Another option for provisioning large user groups into BPOS is through any of several migration tools. As we mentioned in a prior BPOS article, there are plenty of third-party tools and partners ready to help with migration from outside platforms, such as Lotus Notes or Groupwise. If your company is using on-premise Exchange, you have three tools all set to launch from the AdministrationCenter’s Migration tab: e-mail coexistence, directory synchronization, and mailbox content migration. E-mail co-existence has on-premise Exchange Server and Exchange Online running in tandem so that some users will have their data hosted locally while others are in the cloud. Directory synchronization copies all email-enabled user accounts to Microsoft’s Online Services directory as well as synchronizing your local Global Address List with Exchange Online.

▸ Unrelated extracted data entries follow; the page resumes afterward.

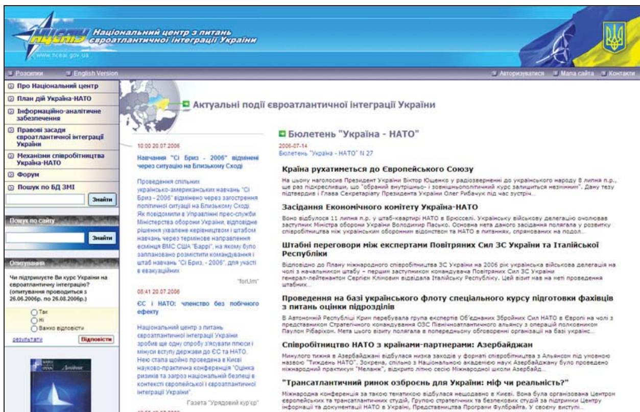
Рис. 4. Головна сторінка веб-сайту апарату Національного центру з питань євроатлантичної інтеграції України

З метою підтвердження ефективності запропонованих і розроблених механізмів та інструментарію використання інформації, яка циркулює у мережі Інтернет, для оцінки ситуації та прийняття відповідних рішень, а також - підвищення рівня обізнаності населення країни щодо співробітництва України з НАТО розроблено нову версію веб-сайту апарату Національного центру з питань євроатлантичної інтеграції України, який розміщено за адресою www.nceai.gov.ua (Рис. 4).
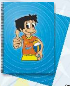
2€ Caderno Escolar A4 (quadriculado)
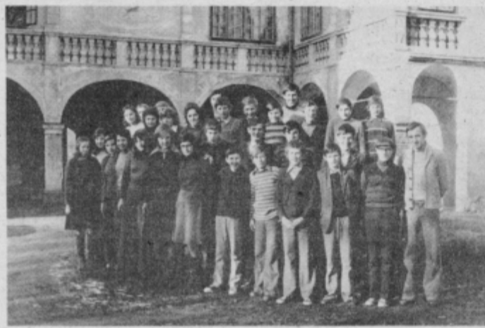
Zdajšnja generacija učencev v kmetijstvu
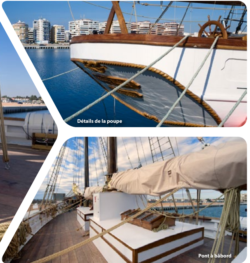
Détails de la poupe
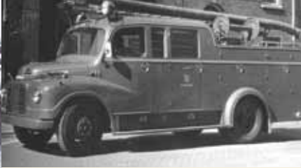
Een onverwoestbare autospuit was de Austin uit 1955, die gemakkelijk 22 jaar meeging en een beetje vreemde eend in de bijt bij de Amsterdamse brandweer werd.
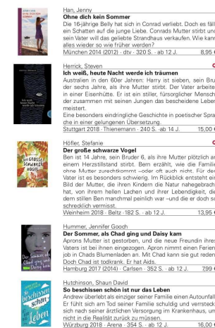
KIND UND TOD - Jugendbücher – 45 –

Mailbox migration completes the setup BPOS trifecta by transferring users’ email (Exchange Server or POP3/IMAP4) contents to their Exchange Online accounts.

Many businesses starting out with BPOS will want to co-locate their messaging, keeping data resident both on-premise and in the cloud until ready to commit to an online-only model. One-way Active Directory synchronization is a relatively easy way to start this process, and from there it’s a quick step to download the Microsoft Online Services Migration Tools (in either 32- and 64-bit versions). Be sure to look into the Windows PowerShell cmdlets embedded in the Migration Console which can help to more efficiently script transfers.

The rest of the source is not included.